Now we have to redevelop these projects using C6748 DSP under some different conditions. The main problem is to make these functions interruptible, since we can’t avoid some additional background operation.

I would ask the DSPLib experts to estimate the steps needed to make the named functions interruptible.

Thanks in advance

GenPol

  • GenPol,

    The DSPLIB Reference Guide has the C source for the functions. You can compile this code with full optimization and set the -mi compiler switch to the maximum number of cycles that you want interrupts to be disabled. This will let you control the latency of your interrupts.

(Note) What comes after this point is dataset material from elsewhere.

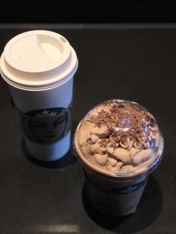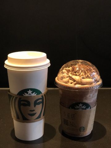 周末和老公来逛奕欧来,路过星巴克,那么热的天气,果断喝一杯~ 买一送一的券用起来,点了新出的星冰乐,送了燕麦拿铁。 排队点单蛮久的,毕竟这家星巴克人超多的。 但是拿到成品还是很快的说,比预计时间快多了。 比利时黑巧慕斯星冰乐 老公说太甜了,有点冰渣,估计是做得匆忙了点。 燕麦拿铁 无糖的,比较健康,好久不喝咖啡,觉得好幸福。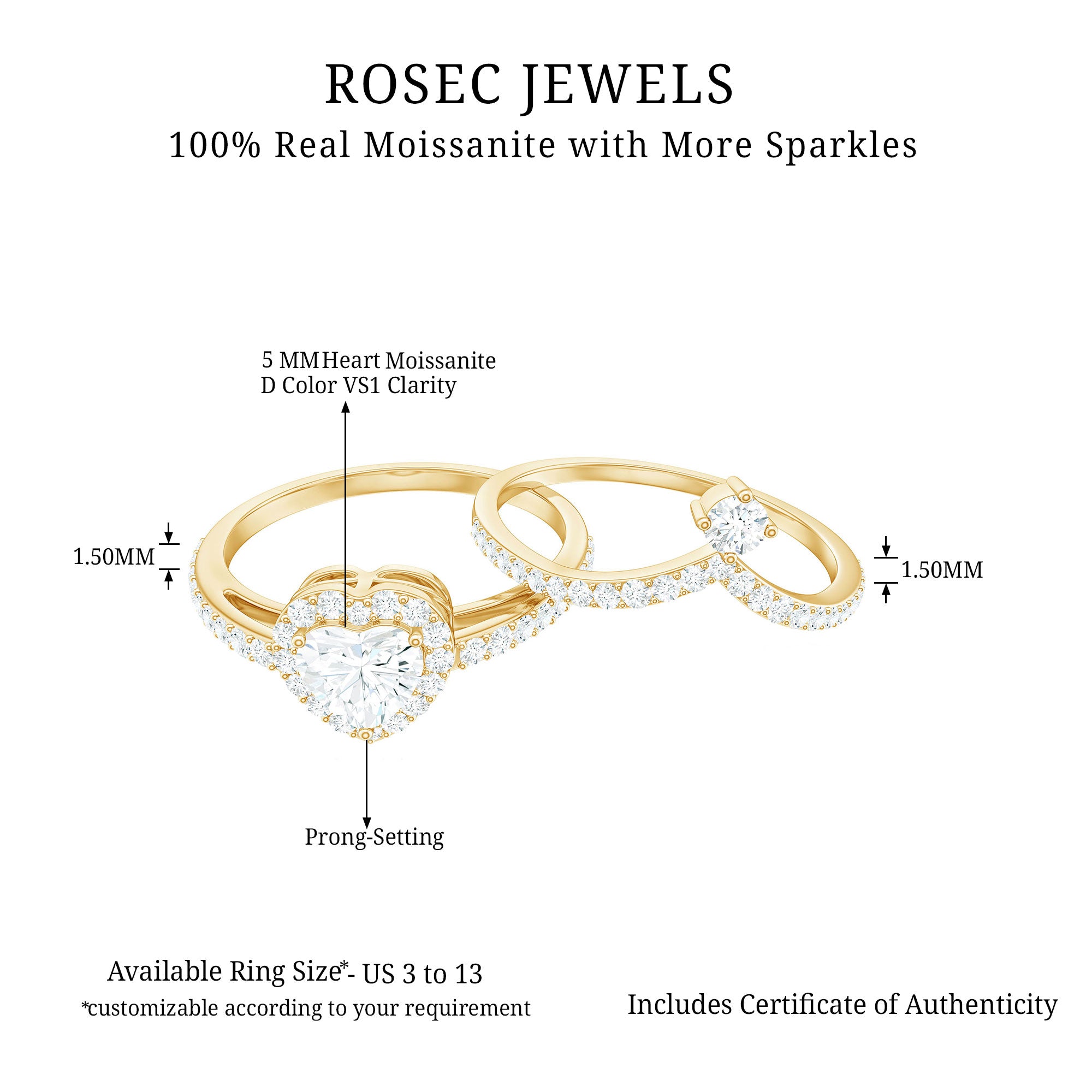 Give a captivating appeal to your look with this sparkling Moissanite Ring Set and make a everlasting statement. This Heart Ring Set has Heart Shape Moissanite Ring with round cut moissanite creating halo and side stone along with a enhancer ring adorn with round cut moissanite to make a classic piece of Fine Jewelry. This Moissanite Wedding Ring Set is crafted in Gold to offer a luxurious look.

    If you need help with optimizing the C source, you can search the E2E forums and the TI Wiki Pages for "optimize" or "optimization" to find hints and links to training material. There is a C6000 Optimization Workshop archived on the TI Wiki Pages that is very helpful, with a student guide and labs to work through.

    Hope this helps.

    Regards,
    RandyP

  • RandyP,

    Unfortunately it doesn’t help because our problem is not as simple as you imagine: we used a DSPLib linear assembler implementation.

    Are there some tricks also known to optimize the linear assembler functions (excluding hand-made optimization)?

    Kindly

    GenPol

  • GenPol,

    Some of this depends greatly on the target processor. In the text, you said C6713 and in the title you also included the C6748. The C6748 has some significantly better capabilities that it inherited from the fixed point C64x+ family. This includes interruptible loops.

    Do you have a choice of processor, or do you require the same code to work on both?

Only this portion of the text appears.